From the Guidelines
The treatment for scarlet fever primarily involves antibiotics, specifically penicillin or amoxicillin, which are typically prescribed for a 10-day course to eliminate the group A Streptococcus bacteria causing the infection. For patients with penicillin allergies, alternatives include clindamycin, azithromycin, or clarithromycin 1. The standard dosage for children is usually amoxicillin 50 mg/kg/day divided into two or three doses, while adults typically receive 500 mg three times daily. Symptoms often improve within 24-48 hours of starting antibiotics, but completing the full course is essential to prevent complications like rheumatic fever or kidney inflammation.
Key Considerations
- The choice of antibiotic should be based on the patient's allergy history and the severity of the infection.
- Supportive care is also important, including:
- Acetaminophen or ibuprofen for fever and discomfort
- Plenty of fluids to prevent dehydration
- Rest
- A soft, cool diet may help with throat pain
- Patients are generally no longer contagious after 24 hours of antibiotic treatment and can usually return to normal activities at that point.
Prevention of Complications
The primary goal of treatment is to prevent complications such as rheumatic fever, which can be achieved with proper antibiotic treatment 1. The American Heart Association recommends penicillin as the first-line treatment for group A streptococcal pharyngitis, with alternatives for patients with penicillin allergies 1.
Management of Close Contacts
In cases where there is a high risk of transmission, such as in household contacts or institutional outbreaks, throat cultures and treatment may be necessary 1. However, this is typically not necessary for asymptomatic contacts.
Quality of Life
Treatment of scarlet fever with antibiotics can significantly improve quality of life by reducing symptoms and preventing complications. Completing the full course of antibiotics is essential to ensure complete recovery and prevent recurrence.
From the FDA Drug Label
The usual drug of choice in the treatment and prevention of streptococcal infections and the prophylaxis of rheumatic fever is penicillin administered by either the intramuscular or the oral route.

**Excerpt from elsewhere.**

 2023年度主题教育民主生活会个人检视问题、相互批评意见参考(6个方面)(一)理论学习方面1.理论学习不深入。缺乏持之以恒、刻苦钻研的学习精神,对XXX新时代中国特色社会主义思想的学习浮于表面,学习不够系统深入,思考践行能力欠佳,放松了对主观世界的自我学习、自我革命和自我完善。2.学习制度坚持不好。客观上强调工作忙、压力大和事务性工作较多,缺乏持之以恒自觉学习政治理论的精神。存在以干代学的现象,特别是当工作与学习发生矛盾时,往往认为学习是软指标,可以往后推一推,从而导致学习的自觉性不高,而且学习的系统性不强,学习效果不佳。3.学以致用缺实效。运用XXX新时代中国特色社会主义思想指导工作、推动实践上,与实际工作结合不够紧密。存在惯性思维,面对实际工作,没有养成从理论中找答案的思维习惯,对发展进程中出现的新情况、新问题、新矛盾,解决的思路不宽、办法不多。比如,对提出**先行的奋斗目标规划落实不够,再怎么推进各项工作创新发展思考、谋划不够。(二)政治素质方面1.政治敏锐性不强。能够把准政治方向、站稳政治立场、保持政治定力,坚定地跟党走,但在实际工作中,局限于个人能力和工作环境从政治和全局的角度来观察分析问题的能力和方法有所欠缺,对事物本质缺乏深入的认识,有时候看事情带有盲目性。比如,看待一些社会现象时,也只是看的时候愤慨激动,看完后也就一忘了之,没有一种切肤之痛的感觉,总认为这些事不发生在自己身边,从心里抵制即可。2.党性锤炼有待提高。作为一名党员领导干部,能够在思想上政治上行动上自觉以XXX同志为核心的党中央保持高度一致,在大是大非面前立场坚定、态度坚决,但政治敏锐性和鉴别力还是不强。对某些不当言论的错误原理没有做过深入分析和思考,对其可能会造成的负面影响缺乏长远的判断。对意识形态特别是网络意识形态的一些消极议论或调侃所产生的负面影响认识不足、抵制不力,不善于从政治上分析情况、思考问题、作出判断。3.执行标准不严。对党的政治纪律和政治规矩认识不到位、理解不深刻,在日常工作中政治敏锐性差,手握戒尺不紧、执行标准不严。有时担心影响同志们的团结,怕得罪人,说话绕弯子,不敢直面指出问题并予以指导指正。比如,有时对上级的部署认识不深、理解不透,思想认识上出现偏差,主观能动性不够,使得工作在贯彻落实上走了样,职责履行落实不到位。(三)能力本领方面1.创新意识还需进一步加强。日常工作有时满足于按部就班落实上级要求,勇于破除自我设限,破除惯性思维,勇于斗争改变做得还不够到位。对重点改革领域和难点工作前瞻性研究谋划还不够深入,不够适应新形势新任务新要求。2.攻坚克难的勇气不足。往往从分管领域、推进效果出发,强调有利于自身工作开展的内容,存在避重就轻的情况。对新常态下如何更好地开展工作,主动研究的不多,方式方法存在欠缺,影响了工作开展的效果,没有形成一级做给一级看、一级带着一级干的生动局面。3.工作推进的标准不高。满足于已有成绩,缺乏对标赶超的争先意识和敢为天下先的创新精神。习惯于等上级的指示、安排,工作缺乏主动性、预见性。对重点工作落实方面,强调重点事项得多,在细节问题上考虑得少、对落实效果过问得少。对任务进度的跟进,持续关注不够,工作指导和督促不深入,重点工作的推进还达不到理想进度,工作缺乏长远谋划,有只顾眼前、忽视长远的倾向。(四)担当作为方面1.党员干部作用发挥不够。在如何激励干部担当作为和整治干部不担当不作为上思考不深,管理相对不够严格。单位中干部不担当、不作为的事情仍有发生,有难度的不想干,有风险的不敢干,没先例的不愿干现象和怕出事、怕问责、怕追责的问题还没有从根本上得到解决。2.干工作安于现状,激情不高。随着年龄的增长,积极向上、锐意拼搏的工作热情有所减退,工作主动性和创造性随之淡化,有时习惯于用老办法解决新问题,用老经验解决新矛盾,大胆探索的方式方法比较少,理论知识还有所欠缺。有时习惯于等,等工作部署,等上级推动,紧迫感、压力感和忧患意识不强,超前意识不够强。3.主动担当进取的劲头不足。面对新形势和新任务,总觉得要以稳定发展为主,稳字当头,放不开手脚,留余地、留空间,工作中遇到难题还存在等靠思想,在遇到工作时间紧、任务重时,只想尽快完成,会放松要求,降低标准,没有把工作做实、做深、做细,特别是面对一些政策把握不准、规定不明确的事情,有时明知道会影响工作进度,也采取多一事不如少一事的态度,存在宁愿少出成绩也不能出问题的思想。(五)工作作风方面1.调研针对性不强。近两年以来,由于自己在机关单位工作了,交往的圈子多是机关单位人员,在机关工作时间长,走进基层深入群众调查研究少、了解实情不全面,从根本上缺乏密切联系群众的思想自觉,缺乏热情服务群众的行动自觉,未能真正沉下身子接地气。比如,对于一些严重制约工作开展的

The treatment for scarlet fever is penicillin.
- Penicillin is the drug of choice for the treatment and prevention of streptococcal infections, which cause scarlet fever 2.

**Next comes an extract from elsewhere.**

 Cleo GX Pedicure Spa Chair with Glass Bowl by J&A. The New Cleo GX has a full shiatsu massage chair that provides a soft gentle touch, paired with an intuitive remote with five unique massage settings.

- Clarithromycin may be effective in eradicating Streptococcus pyogenes from the nasopharynx, but data on its efficacy in preventing rheumatic fever are not available 3.
From the Research
Treatment Overview
The treatment for scarlet fever typically involves the use of antibiotics to speed up recovery, reduce the contagious period, and minimize the risk of complications 4.
Antibiotic Treatment
- The use of antibiotics such as penicillin has been shown to decrease the number of early and late complications, as well as reduce the number of carriers of beta-haemolytic streptococcus 5.
- In some cases, azithromycin may be prescribed to prevent complications and further spreading of the disease 6.
- However, the emergence of antibiotic-resistant strains of Streptococcus pyogenes, such as erythromycin-resistant strains, may complicate treatment 7.
Management of Complications
- Invasive Group A Streptococcus infections and streptococcal toxic shock syndrome are rare but severe complications of scarlet fever that require prompt diagnosis and treatment 8.
- The management of these complications may involve the use of antibiotics and supportive care to reduce mortality and improve outcomes.
Prevention of Outbreaks
- The prevention of outbreaks of scarlet fever in settings such as schools and day-care centers is crucial to reducing the spread of the disease 6, 7.
- Mandatory notification of infectious clusters and prompt investigation of outbreaks can help to identify the source and transmission dynamics of the disease, and inform strategies to prevent further spread.